AlternativeHowTrade-off
Native data sourcesLook up physical resources via vendor API (e.g. AWS tags, GCP labels)Requires strict tagging; doesn’t expose full state
Input variablesPass required values as module inputsSafer; more manual work to keep values in sync
  • Top-level injection - place all terraform_remote_state calls in the root module only; pass looked-up values down as input variables to child modules. Keeps core modules reusable and free of remote-state logic.
  • Dedicated lookup modules - for internal organisations, build a module whose sole purpose is to perform a specific remote-state lookup (e.g. a network-lookup module). Encapsulates the access pattern.

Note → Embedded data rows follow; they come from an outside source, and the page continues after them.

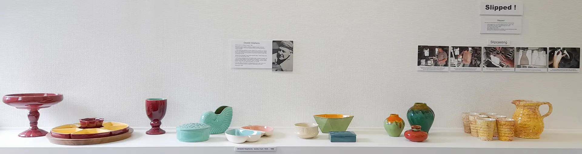 Oswold and his wife setup a studio called Handcraft Pottery, making slipcast works from the mid 1930s until about 1960.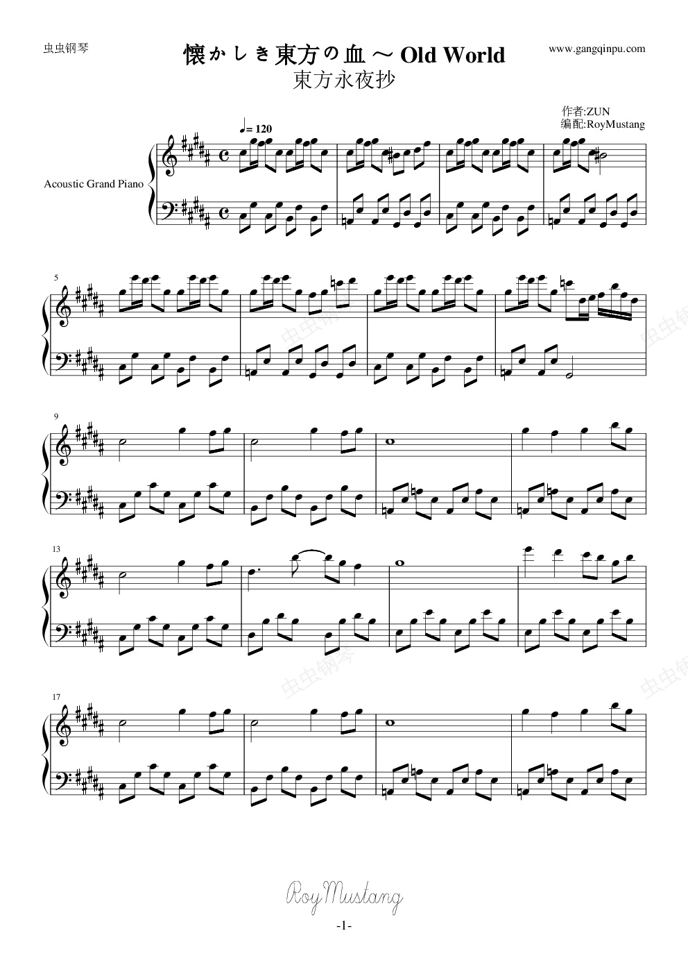 钢琴谱:[东方永夜抄]懐かしき東方の血~Old World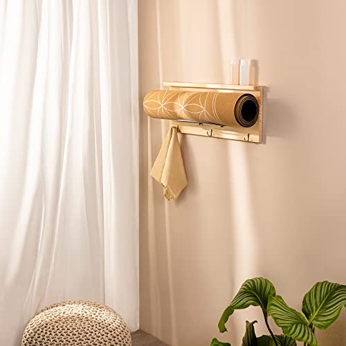 YOGA SHELF: robusta ma leggera da appendere alle pareti, la mensola sportiva è ideale all'ingresso di casa o in camera da letto per organizzare con ordine yoga mat e altri accessori per sport e tempo libero.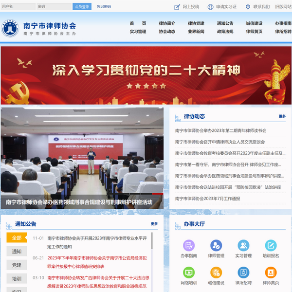 南寧市律師協(xié)會成立于2003年,是依法設(shè)立的社會團(tuán)體法人,是全市律師的自律性組織,依法對本市律師行業(yè)實施管理。廣西壯族自治區(qū)司法廳批準(zhǔn)設(shè)立且接受南寧市司法行政機(jī)關(guān)管理、監(jiān)督和指導(dǎo)的律師執(zhí)業(yè)機(jī)構(gòu)為本會的團(tuán)體會員。經(jīng)廣西壯族自治區(qū)司法廳批準(zhǔn),在南寧市取得律師執(zhí)業(yè)證或律師工作證且接受南寧市司法行政機(jī)關(guān)管理、監(jiān)督、指導(dǎo)的律師為本會的個人會員。申請律師執(zhí)業(yè)人員為本會的預(yù)備會員。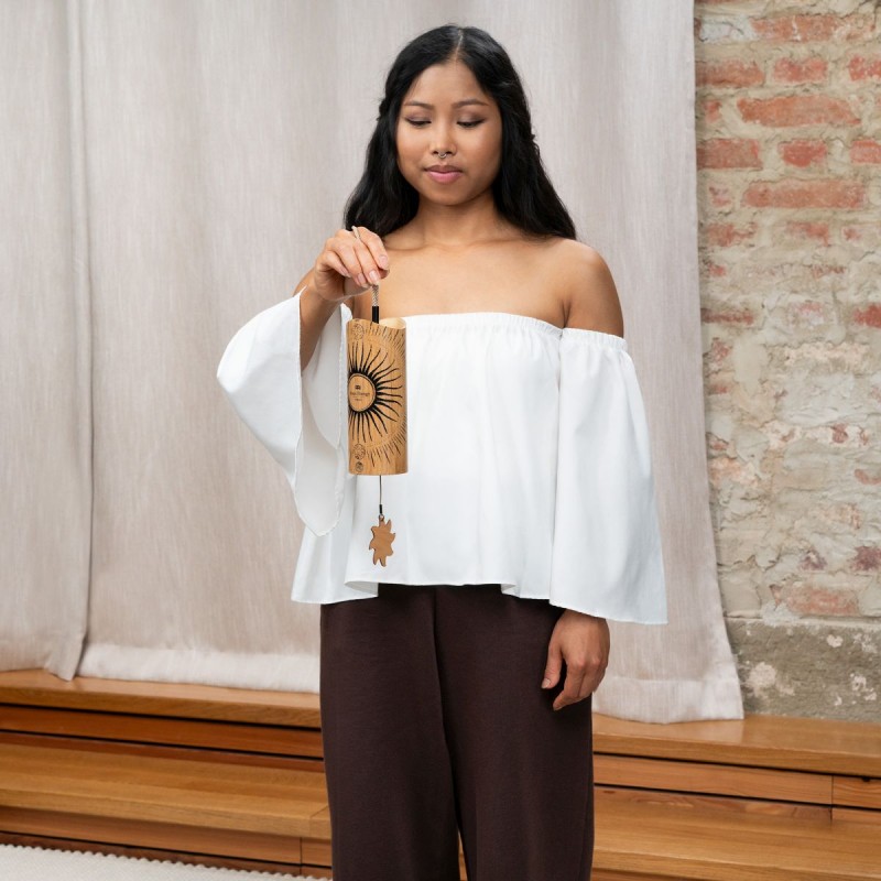 CBCSOL - I Cosmic Bamboo Chimes di Meinl Sonic Energy producono toni morbidi e risonanti che riempiono il tuo spazio con un suono sereno, per la meditazione, i bagni sonori e lo yoga. Oppure creano uno spazio rilassante in casa per riflettere. Tieni il cavo e ruota delicatamente il chime per riattivarlo. All'interno c' un pendolo e un gruppo di perni metallici accordati su toni specifici. Modifica facilmente il tono scegliendo uno dei due pendoli: acrilico (duro) e legno (morbido). Inserire l'estremitˆ della chiusura a pendolo attraverso la parte inferiore delle campane. Fissare la fibbia al gancio della traversa in legno. Tira il cavo intrecciato dritto e tiralo verso l'alto per far suonare i campanelli. Disponibile in quattro impostazioni adattate agli orari del giorno: Aurora (mattina), Sole (giorno), Luna (pomeriggio) e Stella (notte). Combinane due o pi per generare contrasto nello stato d'animoOgni chime dotato di due pendoli di ricambio aggiuntivi (acrilico, legno)Suoni morbidi e risonantiPer la meditazione, i bagni sonori e lo yogaIntonato per adattarsi all'ora del giornoCinturino per una facile sospensioneDimensioni: 2,6 pollici/6,5 cm di diametro, 17 pollici/43 cm di altezza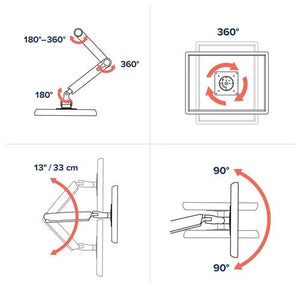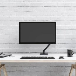 Fully assembled arm with 2-piece desk clamp and monitor mounting hardware |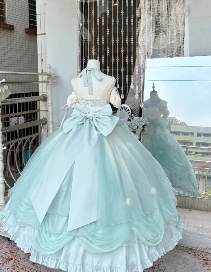 Alluring Halter Neck A-Line Evening Gowns Bows Handmade Flowers Prom Dress AP3262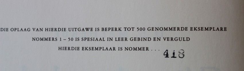Faksimilee van die oorspronklie ongepubliseerde manuskrip. Met inleiding deur O.J. Liebenberg. Die oplaag van hierdie spesiale uitgawe is beperk tot 500 genommerde eksemplare. Hierdie eksemplaar is nommer 418.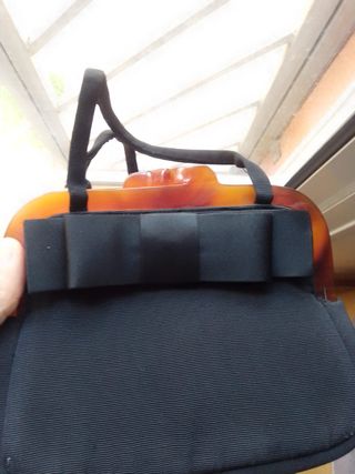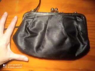 BOLSO NEGRO DE FIESTA, BODA, CON CIERRE VINTAGE DE NÁCAR.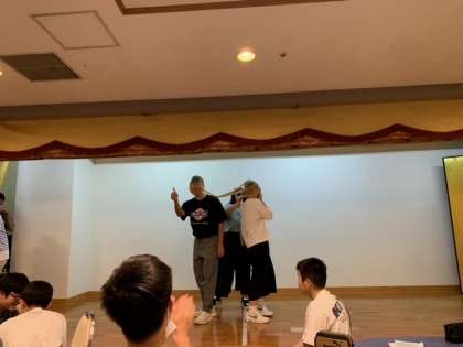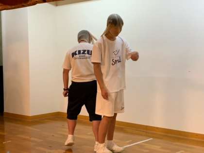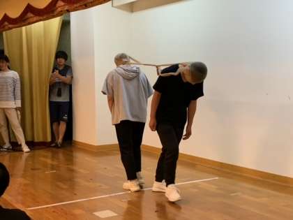 真面目な発表の後、またレクレーションが始まりました。パンスト相撲です。
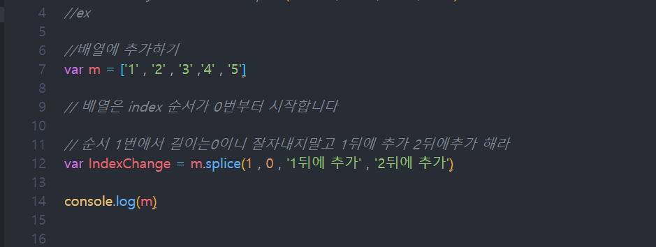 문법또한 이해하기 쉽습니다! Array.splice(시작점 , 길이 , 배열추가 , 배열추가) 이런식인데 아마도 코드를 보시면 훨씬 이해하기가 쉬울꺼 같습니다!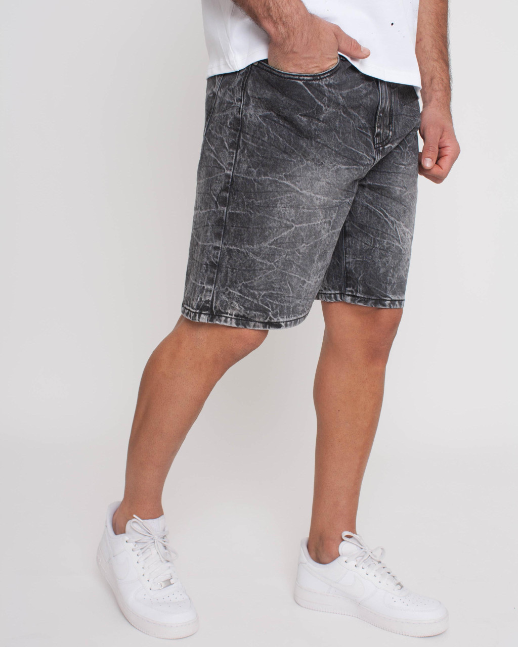 Baggy Fit, laza szabású, koptatott mosott hatású rövidnadrág, zsebekkel és cipzáros záródással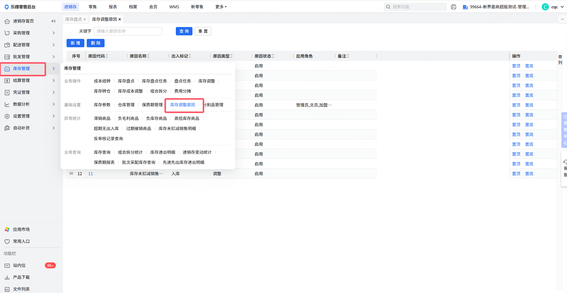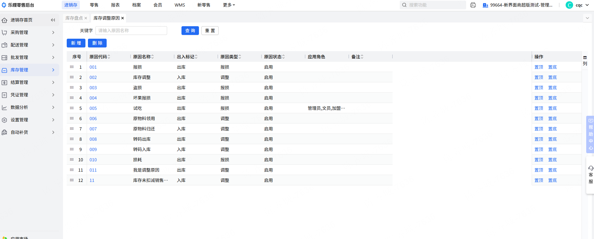 库存调整原因的出入库标记代表商品库存最终是增加还是减少,出库代表扣减库存,入库代表增加库存,应用角色可以控制用户是否能使用该原因。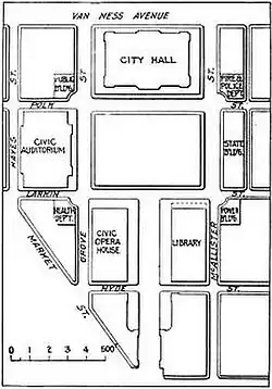 Муниципальный Центр был построен в начале XX века после того, как городская ратуша была уничтожена во время землетрясения 1906 года и пожара, последовавшего за ним. Хотя архитектор и градостроитель Даниел Хадсон Бёрнем предоставил городу планы Муниципального Центра в стиле архитектуры неоклассицизма незадолго до землетрясения 1906 года,[5] его планы так и не были превращены в жизнь. План Бёрнема предусматривал создание большой полукруглой площади на пересечении улиц Маркет и Ван-Несс в качестве узла, соединяющего административные здания с вышеуказанными улицами.[6]:10–11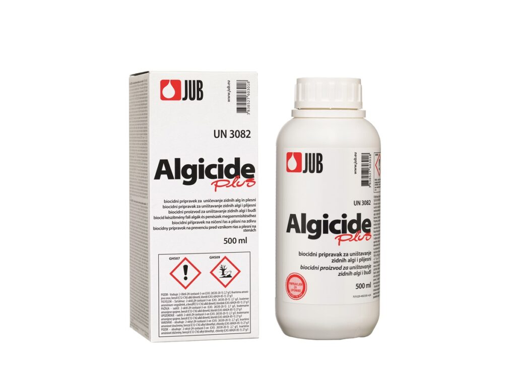K odstranění mikroorganismů se používá bezbarvý biocidní přípravek JUB ALGICIDE Plus, který proniká hluboko do podkladu a ničí široké spektrum řas a plísní. Neobsahuje chlor, nezatěžuje podklad solí a aplikuje se zředěný vodou v poměru 1 : 4. Nanáší se štětcem nebo válečkem, u silně zasažených ploch se doporučuje aplikace dvou vrstev. Tento přípravek se neoplachuje a po zaschnutí není zdraví škodlivý. - Základní nátěr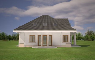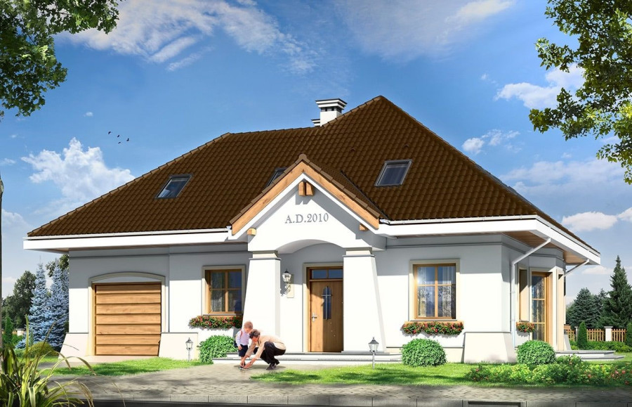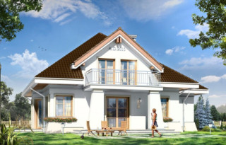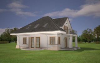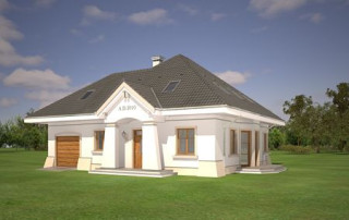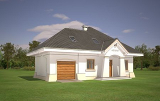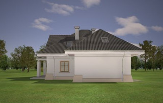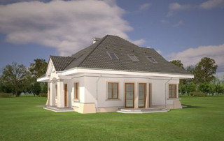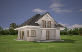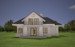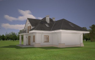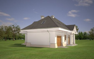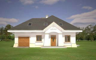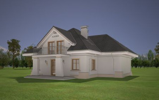 Projekt domu Figiel 2 jest wersją wariantową domu projektu domu Figiel. Willę zaprojektowano tym razem z garażem. Dom przeznaczony jest dla 4- 5-osobowej rodziny. Projekt domu Figiel 2 to parterowy dom z poddaszem użytkowym zaprojektowany na planie prostokąta, z dobudowanym garażem. Przekryty został czterospadowym dachem, z dodatkowymi lukarnami i dachem nad garażem. Wygląd zewnętrzny domu kojarzy się z przedwojenną rezydencją budowaną w miastach-ogrodach lub w podmiejskich letniskach. Jednocząc historyczny detal w elewacjach z nowoczesnymi materiałami i rozwiązaniami budowlanymi uzyskano bardzo ładny styl. Ganek wejściowy z przyporowymi kolumnami, przypory w narożnikach i pasy podmurówki, balkon w elewacji ogrodowej na przyporowych kolumnach - wszystkie te elementy potęgują efekt stabilnego osadzenia się domu w otaczający teren. Dzięki temu budynek wygląda bardzo statecznie. Wnętrze Figla 2 podzielono na część dzienną na parterze i sypialnie na poddaszu. Na parterze opracowano: salon z aneksem jadalnym z pięknym wykuszem, oraz centralnie ustawionym kominkiem, hol - z ładnymi dwubiegowymi schodami, częściowo otwarta kuchnia, oraz dodatkowy pokój, mogący służyć jako gabinet lub sypialnia. Dodatkowo obok przedsionka znajdują się: obszerne pomieszczenie gospodarcze - kotłownia, wc z natryskiem, oraz garaż. Na poddaszu znajdują się trzy sypialnie z jedną dużą wspólną łazienką oraz dodatkowa garderoba. Na półpiętrze nad garażem zaprojektowano strych, który można łatwo zaadaptować na dodatkowy pokój lub pokój sportowy. Pracownia posiada odbicie lustrzane projekt domu Figiel 2.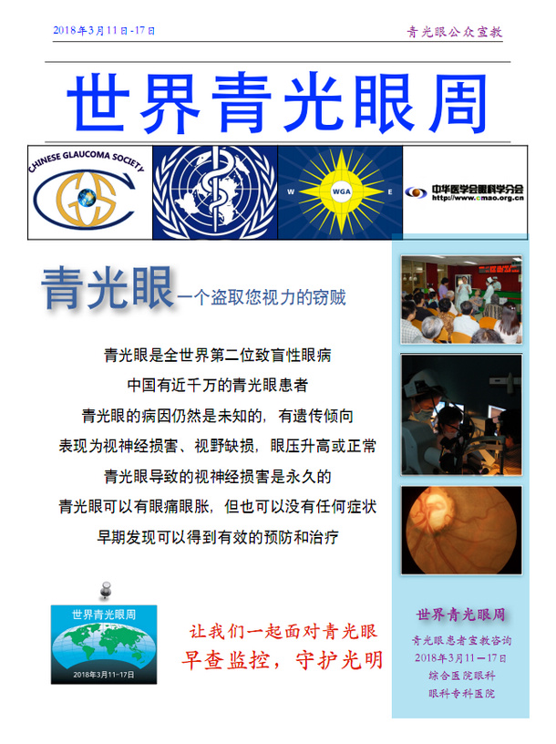 青光眼虽是终生性疾病,它却能通过积极的早期治疗,有效地控制疾病的发展,保持长久的有效视力。防盲治盲,人人有责,希望我们都能从自身做起,相信科学技术,提高青光眼患者的视觉质量和生活质量。
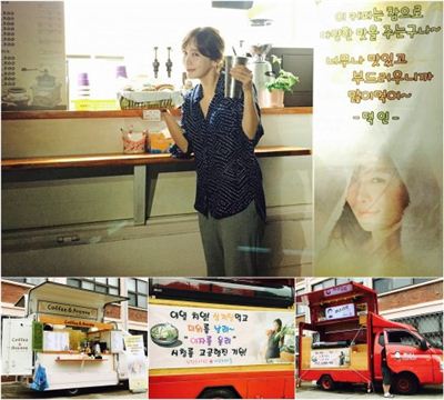 김정은의 팬클럽 '너구리마을'은 폭염 속에서도 MBC 주말 드라마 '여자를 울려' 촬영을 이어가고 있는 김정은과 현장 스태프들을 응원하기 위해 삼계탕과 커피차를 보내 왔다. 이에 김정은은 사진으로 팬들에게 감사의 마음을 전했다.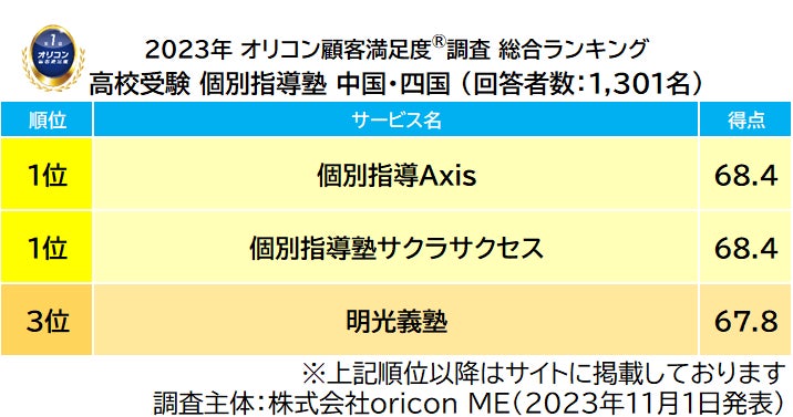 『個別指導塾 中国・四国』 総合1位は【個別指導Axis】【個別指導塾サクラサクセス】が同点受賞
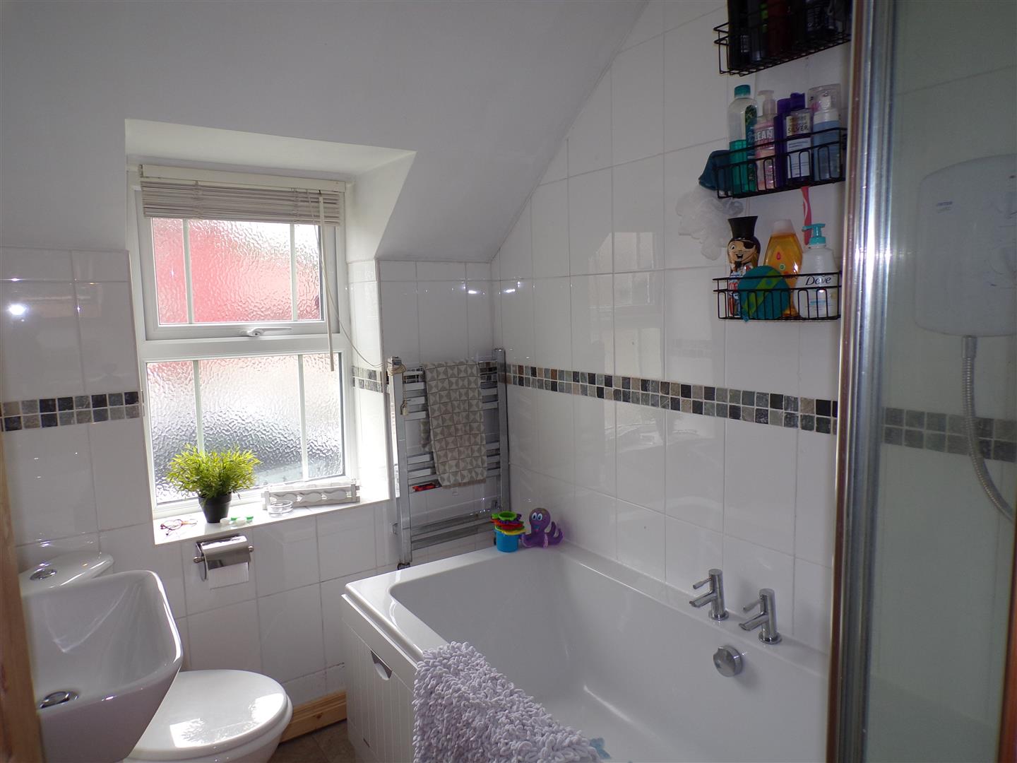 Comprising bath with electric shower over, shower screen, WHB, WC, fully tiled walls.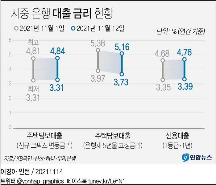14일 금융권에 따르면 KB국민·신한·하나·우리은행의 12일 기준 주택담보대출 변동금리(신규 코픽스 연동)는 연 3.31∼4.839% 수준이다. 지난 1일(3.31∼4.814%)과 비교해 열흘 새 상단만 0.025%포인트 높아졌다.

Some Terraform resources generate no cloud infrastructure. They calculate values, persist them in state between runs, and act as stable, plan-time-known data sources for other resources.

Native Terraform functions like timestamp() and uuid() are impure - they return a different value every time they are called. Using them inside resource arguments causes eternal drift: Terraform always detects a change, even immediately after a successful apply. State-only resources solve this by generating the value once, saving it to state, and keeping it stable across plans.

Generates random passwords, UUIDs, integers, and readable names:

resource "random_password" "db" {
length = 24
special = true
keepers = {
# Regenerate the password only when the DB instance name changes
db_instance = var.db_instance_name
}
}
resource "aws_db_instance" "main" {
password = random_password.db.result
}

Avoids drift from the impure timestamp() function:

ResourcePurpose
time_staticRecords the timestamp of first creation; never changes
time_offsetRecords a time offset (e.g. 2 hours in the future)
time_rotatingHolds a timestamp that automatically regenerates after a configured lifespan
time_sleepIntroduces a deliberate delay in the execution graph - useful for waiting for a provisioning script on one machine to finish before launching a dependent resource

null_resource fully implements the Terraform lifecycle (create/update/delete) but does absolutely nothing. Primary uses:

  • Testing CI/CD pipelines and Terraform automation without spinning up real infrastructure
  • Historically: running custom provisioner blocks

The modern replacement for null_resource, built directly into Terraform - no provider download required.

# Solve the replace_triggered_by limitation: lifecycle rules cannot
# natively reference local variables, but they can reference resources
resource "terraform_data" "trigger" {
input = local.config_hash
}
resource "aws_instance" "web" {
ami = data.aws_ami.ubuntu.id
instance_type = "t3.micro"
lifecycle {
replace_triggered_by = [terraform_data.trigger]
}
}

Prefer terraform_data over null_resource in all new code.